Manoocher Deghati a 67 ans. Il est à la fois photojournaliste, reporter de guerre, formateur. Mais Manoocher est avant tout iranien. Et son pays, il ne l’a pas vu depuis plus de 35 ans.

« C’était mon destin de devenir photojournaliste. »

Tout commence en 1978. Après quatre années passées à Rome à étudier le cinéma, le jeune Manoocher, qui ambitionne de devenir cameraman, rentre en Iran. À cette époque, la révolte gronde : le peuple s’élève contre le Shah et sa politique répressive. Les étudiants sont dans la rue, réclament plus de liberté, plus de démocratie. La production cinématographique étant à l’arrêt, Manoocher saisit son matériel et sort pour immortaliser l’histoire de son pays. Armé de son appareil et de quelques rouleaux de pellicule, il photographie les manifestants, les soldats, et commence à travailler pour l’agence Sipa Press et l’AFP. S’en suivent les premières distinctions – il remporte le premier prix World Press en 1984 – et les premières répressions : ses photos d’enfants soldats, d’exécutions, gênent. Il est emprisonné, battu, menacé. Sa carte de presse lui est retirée à plusieurs reprises. En 1985, le risque devient trop important et Manoocher décide de fuir son pays. Avec sa femme et sa fille Maral, âgée seulement d’un an, il s’exile en France. C’est le début d’un long voyage et d’une longue carrière à travers le monde, marqués par des hasards de calendrier inouïs.

« Je n’ai jamais vraiment eu le temps de songer à changer de métier. »

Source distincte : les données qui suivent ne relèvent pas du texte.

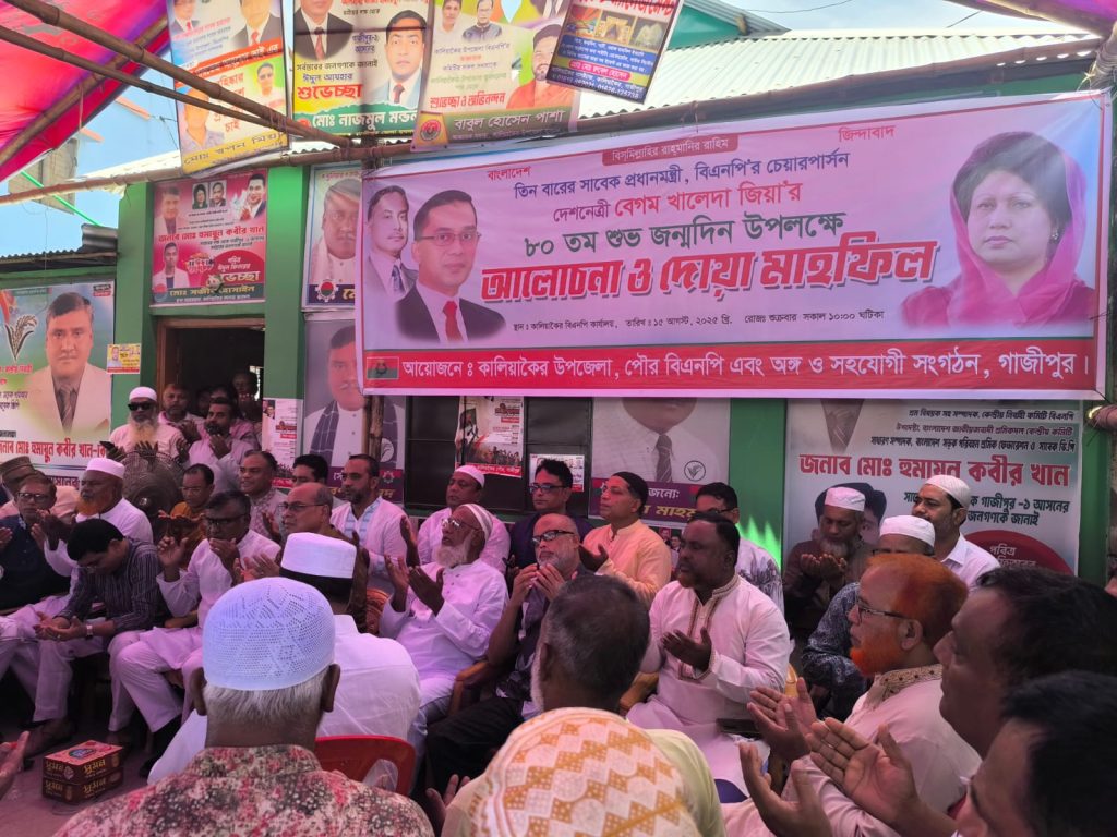 বাংলাদেশ জাতীয়তাবাদী দল (বিএনপি)-এর চেয়ারপারসন ও সাবেক প্রধানমন্ত্রী বেগম খালেদা জিয়ার ৮০তম জন্মদিন উপলক্ষে কালিয়াকৈরে আলোচনা সভা ও দোয়া মাহফিল অনুষ্ঠিত হয়েছে।
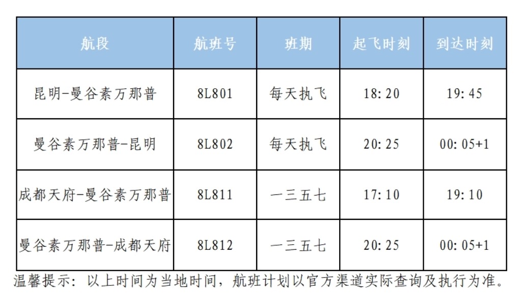 据悉,祥鹏航空昆明⇋曼谷(素万那普)航班每天执飞;去程航班8L801,于18:20从昆明长水机场起飞,19:45到达曼谷素万那普机场。回程航班8L802,于20:25从谷素万那普机场起飞,次日00:05到达昆明长水机场;成都(天府)⇋曼谷(素万那普)航班,复航日期为2024年4月5日,班期为每周一、三、五、日往返;去程航班8L811,于17:10从成都天府机场起飞,19:10到达曼谷素万那普机场。回程航班8L812,于20:25从曼谷素万那普机场起飞,次日00:05到达成都天府机场;以上均为当地时刻。

Après quelques mois passés à Paris, l’AFP propose à Manoocher de prendre part au développement de ses bureaux internationaux. Il décide de partir en Amérique Centrale, « pour [s]’éloigner le plus possible du Moyen-Orient ». Basé au Costa Rica, il travaille avec des photographes locaux pour couvrir les guerres et crises sociales qui font rage au Guatemala, au Nicaragua, au Salvador ou encore au Panama où il est présent lors de l’invasion des États-Unis en 1989. Après l’Iran, c’est la deuxième fois que Manoocher a rendez-vous avec l’actualité. Au début des années 90, il prend la direction du bureau de l’AFP au Caire d’où il couvrira notamment le conflit israélo-palestinien. De nouveau, le photojournaliste se retrouve au cœur de l’actualité lorsque Yasser Arafat revient en Palestine après 27 ans d’exil. Jérusalem, la Somalie, la guerre du Golfe, le siège de Sarajevo… Manoocher poursuit sa carrière qui sera momentanément stoppée en 1996 : à Ramallah, un tireur israélien atteint sa jambe. Gravement blessé, il est rapatrié en France, à l’hôpital militaire des Invalides où il restera 18 mois. Là-bas, il est le seul civil au milieu de tous les vétérans. Depuis sa chambre, il trie ses photos et réalise des sujets pour l’AFP. C’est également lors de ce séjour qu’il recevra la visite du Président Jacques Chirac ; ce dernier lui accordera la nationalité française qui facilitera dès lors ses déplacements internationaux. De retour sur le terrain, Manoocher couvre les visites officielles du Gouvernement français à l’étranger. En 2000, il est victime du passage controversé de Lionel Jospin en Palestine : la voiture du Premier ministre, fuyant les jets de pierre, le percute au niveau de sa jambe fragilisée. Le schéma se répète : rapatriement, Invalides, pause forcée. Malgré les risques, Manoocher se sent investi d’une mission et refuse d’arrêter de photographier, de dénoncer, de témoigner. Il l’a compris depuis longtemps, « la photographie a un impact, elle permet d’informer la société, de donner une voix à ceux qui n’en ont pas ».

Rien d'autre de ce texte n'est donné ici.